Parmi les pays qui ont entamé leur décroissance démographique, l’Allemagne ambitionne de recruter 400 000 travailleurs étrangers chaque année. Quant au Japon, qui a fait le pari de la robotisation, on estime qu’un tiers de sa population en âge de travailler devrait disparaître d’ici à 2040.

Avec la fermeture des frontières liée au Covid et les problèmes politiques posés par l’immigration dans certains pays, la baisse de la mobilité internationale a accentué le phénomène. «Les chefs d’entreprise anticipent ces problèmes démographiques, et sont donc plus frileux à licencier », décrypte l’économiste Henri Sterdyniak. « C’est d’autant plus vrai que la crise actuelle est une crise de l’offre et non de la demande, et que les entreprises ont des carnets de commandes pleins, ce qui les incite à temporiser », précise Éric Heyer.

Des gains de productivité qui diminuent

La perte des gains de productivité du travail constatée depuis une dizaine d’années oblige aussi les entreprises à employer davantage de salariés à production égale. Là encore, les explications avancées sont multiples et difficiles à hiérarchiser. Depuis les années 2000, du fait de la désindustrialisation et du vieillissement des populations, les économies du Vieux Continent ont eu tendance à créer plus d’emplois dans les services, par nature moins productifs que ceux de l’industrie.

Par ailleurs, alors qu’on imaginait que la numérisation de l’économie serait un facteur de destruction d’emplois massive, elle s’est pour le moment surtout traduite par le développement d’une nouvelle forme de travail, plus abondante, mais aussi plus précaire et moins productive : le travail indépendant des plateformes en ligne. Ces petits boulots de la « Gig Economy » comme on les a appelés aux États-Unis.

Selon Henri Sterdyniak, « ce nouveau type d’emplois explique au moins pour moitié la baisse du chômage dans les économies développées. Il est fort possible qu’aux États-Unis, la crise sanitaire ait accéléré le mouvement, en détournant les travailleurs des métiers les plus en tension vers ces métiers tout aussi pénibles mais plus flexibles ».
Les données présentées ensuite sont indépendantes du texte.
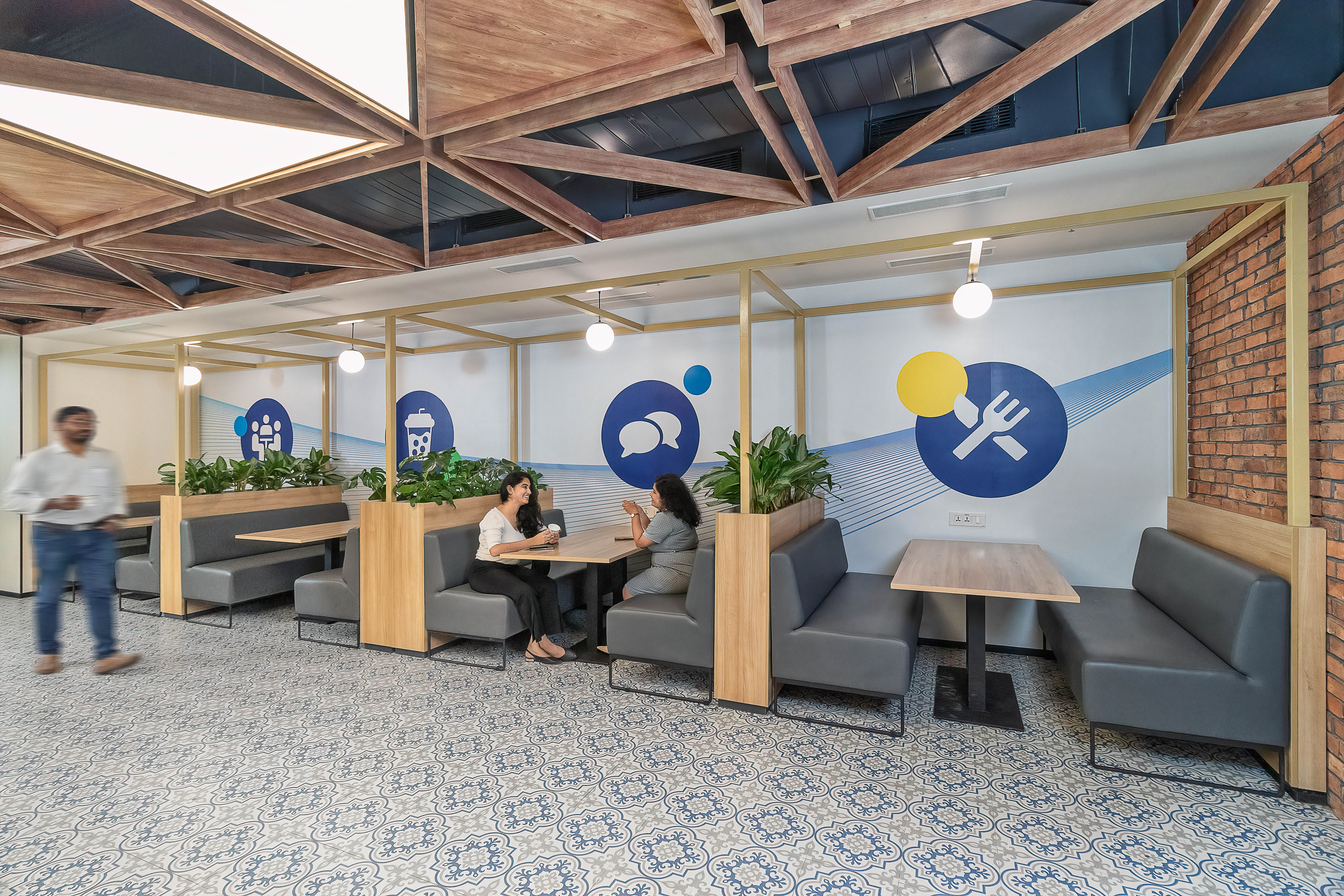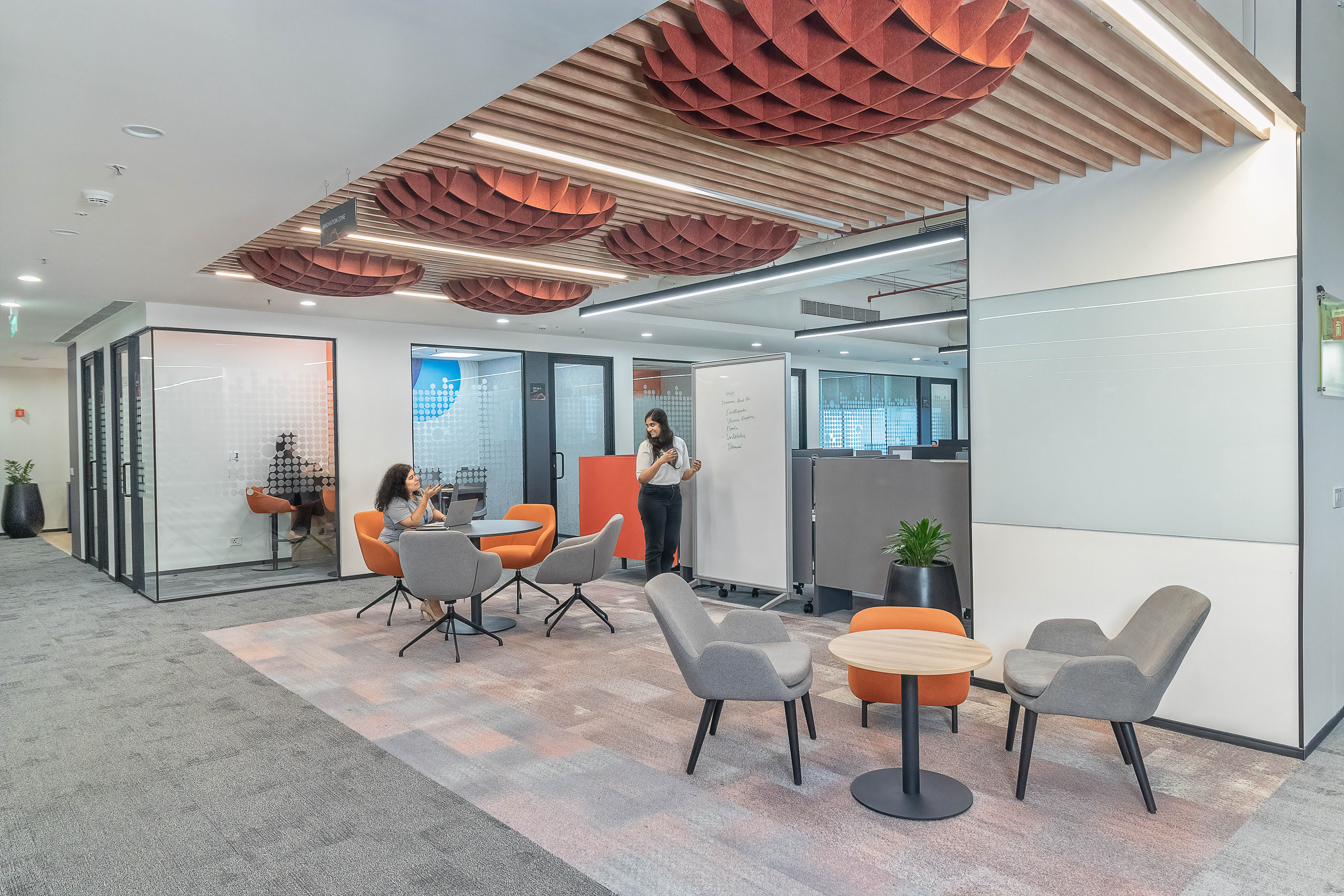 The office layout is meticulously designed to foster collaboration, flexibility, and productivity. From the moment you enter, the sleek, geometric reception area with warm wooden accents sets a welcoming tone, reflecting Verisk's brand ethos. Moving through the open office spaces, employees are offered a variety of workstations, lounges, and collaborative areas that cater to diverse workstyles, all while showcasing the brand’s culture through murals and thoughtful color schemes.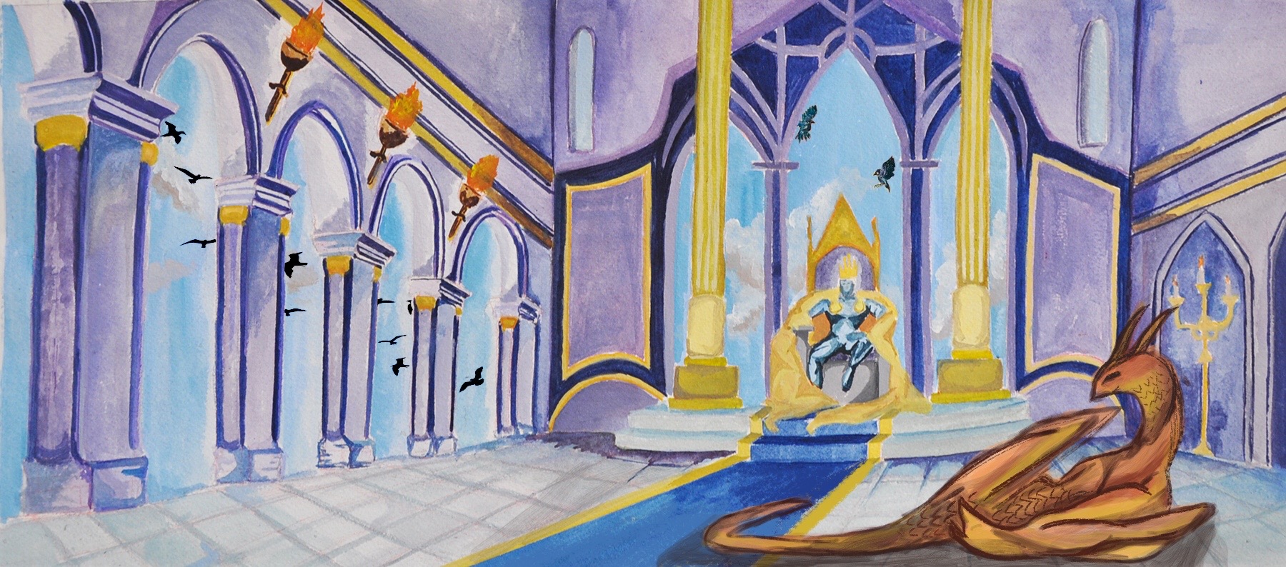 - Kingship, 2019. Gouache. 8x20.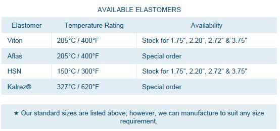 - Optional elements for sour-service and high temperatures include: proprietary HSN (Highly Saturated Nitrile), Viton, and Aflas.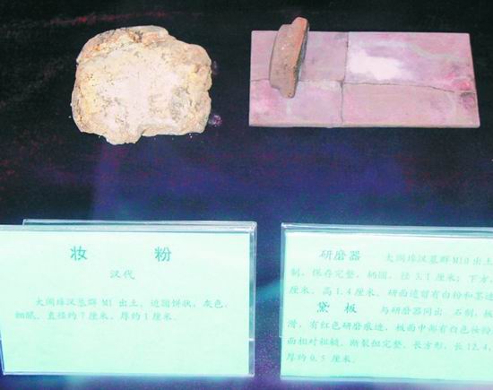 ????王館長還介紹說,在大鬧埠考古發(fā)掘中,他們還發(fā)掘出了化妝粉、研磨器和黛板,這是一套化妝用品,通常女子將化妝粉倒在黛板上,然后用研磨器在黛板上磨,化妝粉磨細(xì)后就可以涂抹在面部上了,這一套化妝品和大量銅鏡的出土,可以反映出西漢時(shí)期的女子非常愛美容也愛化妝。

Avec ses effets sur la santé des travailleurs, le Covid n’a rien arrangé à cette anémie de la productivité. « La hausse de l’absentéisme participe aussi à la rétention de main-d’œuvre : face à la multiplication des arrêts de travail, les entreprises préfèrent constituer des réserves », observe Éric Heyer.

Des réformes qui jouent un rôle secondaire

Au-delà de ces questions démographiques et technologiques, les gouvernements mettent également en avant le rôle des réformes engagées pour améliorer le dynamisme de leur marché du travail. C’est sur ce fondement que le gouvernement Borne vient de faire passer sa réforme de l’assurance-chômage : s’ils sont indemnisés moins longtemps, les chômeurs retrouveront plus facilement un l’emploi.

Mais de l’avis de Stefano Scarpetta, spécialiste du sujet à l’OCDE « les réformes qui ont eu le plus d’effets sur le niveau du chômage sont celles qui permettent d’améliorer la concordance entre le besoin des entreprises et les demandeurs d’emploi». Autrement dit en France, celles portant sur la formation professionnelle ou l’apprentissage.

À plus ou moins long terme, et même si le marché du travail résiste mieux qu’avant, il sera rattrapé par la mauvaise conjoncture. Les plans sociaux ont d’ailleurs déjà commencé dans la tech américaine (Twitter, Meta, etc.), avec plus de 130 000 licenciements annoncés en 2022. Pour le moment, l’Europe et la France restent relativement épargnées. Jusqu’à quand ?, diront les cassandres.

-------

Le nombre de demandeurs d’emploi encore en baisse en octobre

Les bons chiffres du chômage ne se démentent pas en France. Selon les dernières statistiques de la Dares, publiées vendredi 25 novembre, le nombre de demandeurs d’emploi inscrits en catégorie A (sans aucune activité) a diminué de 1 % en octobre par rapport à septembre, avec 30 500 chômeurs de moins à 3,092 millions de personnes.

En incluant l’activité réduite (catégories B et C), le nombre de demandeurs d’emploi a diminué seulement de 0,2 % (– 10 800) pour atteindre 5,413 millions.

Considérés comme plus fiables, les derniers résultats trimestriels de la Dares avaient fait état fin octobre d’une stabilité du nombre de demandeurs d’emploi par rapport au deuxième trimestre, à 3,164 millions d’inscrits (– 1 700).

Sur un an, la baisse en catégorie A est de 9,6 %, et de 6,7 % pour les catégories A, B et C.